Почти никому не удается, рано или поздно, избежать ситуации, в которую я оказался загнан в данный момент; почти каждый из поставленных во мне вопросов жизнь и невозможность жизни задавали и каждому из них. Но солнце ослепляет, и, хотя это ослепление привычно для всех глаз, никто в нем не теряется.
Я не знаю, не упаду ли я в следующий момент, хватит ли руке моей сил дописать фразу, но неумолимая воля берет верх: я обломок за этим столом, утратив все, в этом доме, где царит молчание вечности, — но этот обломок здесь словно сгусток света, который, возможно, и распадается, но излучает сияние.
Когда на смену черному озарению, куда я погружался благодаря уверенности в смерти Э., пришло осознание своей глупости, то неловкость моя, надо теперь это сказать, стала совсем жалкой. Когда под ногами Э. заскрипел гравий аллеи, я отошел от окна так, чтобы видеть ее, оставаясь незамеченным: она была самим воплощением усталости. Она медленно проследовала мимо меня, опустив руки и понурив голову. Шел дождь в печальном свете утра. А разве я сам был меньше ее изнурен после этой бесконечной ночи? Мне показалось, что она разыгрывает спектакль; упав с высоты, я ощутил себя смехотворным, и гнусность моего положения сливалась с молчанием смерти.

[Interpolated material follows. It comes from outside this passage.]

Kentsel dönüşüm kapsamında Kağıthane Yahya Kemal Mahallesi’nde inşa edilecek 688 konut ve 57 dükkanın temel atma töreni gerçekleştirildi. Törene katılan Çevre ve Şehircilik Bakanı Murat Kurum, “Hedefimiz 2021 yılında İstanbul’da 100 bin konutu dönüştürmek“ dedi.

Однако если в какой-то момент человек может сказать: «Вот он я! Я все забыл, раньше были только фантасмагория и ложь, но шум стих, и в безмолвии слез я слушаю…» — как не различить здесь странное чувство: раздосадованность?
Мое отличие от Д. в моей страсти к могуществу, от которой меня разом поднимает дыбом, как кошку. Он плакал, я утаивал слезы. Но если бы Д. и его смерть не унижали меня, если бы, в глубине души, я не ощущал умершего Д. как очарование и досаду, я не мог бы больше предаваться порывам своей страсти. В этой униженной прозрачности, образованной растерянным, но восхищенным сознанием, моей глупостью и — через нее — излучением смерти, я мог бы наконец взять в руки хлыст.
Это не успокаивает нервы…
Мое убожество — это ничтожность набожного человека, который не может ответить на непредсказуемый каприз Бога. Я вошел к Э. с задней мыслью о хлысте, вышел поджав хвост… и даже хуже.

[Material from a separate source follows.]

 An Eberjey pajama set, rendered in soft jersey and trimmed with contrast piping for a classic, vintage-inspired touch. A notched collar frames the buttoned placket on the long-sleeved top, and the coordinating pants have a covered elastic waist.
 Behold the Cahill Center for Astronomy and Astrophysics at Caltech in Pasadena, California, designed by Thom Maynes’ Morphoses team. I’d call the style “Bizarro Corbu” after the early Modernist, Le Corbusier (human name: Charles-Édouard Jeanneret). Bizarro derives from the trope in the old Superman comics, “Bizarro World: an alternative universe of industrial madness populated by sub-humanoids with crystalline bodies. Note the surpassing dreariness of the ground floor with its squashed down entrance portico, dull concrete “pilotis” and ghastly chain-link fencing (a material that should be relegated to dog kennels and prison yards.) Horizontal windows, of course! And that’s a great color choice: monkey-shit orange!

Краткое отступление о безумии…
Э. с одичалыми глазами и стиснутыми в монотонном проклятии зубами, бормоча одно-единственное ругательство, и больше ничего: «Сволочь…», с отсутствующим видом, медленно раздирая свое платье, словно не находила рукам более разумного применения.

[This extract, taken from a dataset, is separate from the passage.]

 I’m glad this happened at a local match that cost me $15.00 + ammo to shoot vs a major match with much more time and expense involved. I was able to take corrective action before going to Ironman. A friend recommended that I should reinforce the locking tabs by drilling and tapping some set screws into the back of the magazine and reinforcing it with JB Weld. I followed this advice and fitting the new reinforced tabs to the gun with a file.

Я слышу, как стучит у меня в висках, и сладкий дух, исходящий от комнаты моего брата, все время ударяет мне в голову, уже опьяневшую от цветочных испарений. Даже в моменты своей «обожествленности» Д. никогда не достигал и никогда не источал такой душистой прозрачности.
То, что жизнь не освещает своими лучами, — бедное безмолвие смеха, сокрытое в интимных глубинах человека, — может быть — в редких случаях — обнажено смертью.
Должно быть, это и составляет мировую первооснову: ошеломляющая наивность, беспредельная непринужденность, пьяное возбуждение, жестокое: «Какая разница!..»
…даже размеренная христианская бесконечность предопределяет своей несчастной расстановкой пределов силу и необходимость их разрушения.
Единственным способом дать определение миру было прежде всего свести его к нашей мере, а затем, смеясь, открыть его заново как раз в том, в чем он преступает нашу меру; христианство в конце концов открывает нечто действительно существующее, подобно тому как плотина, прорываясь, являет нам настоящую силу.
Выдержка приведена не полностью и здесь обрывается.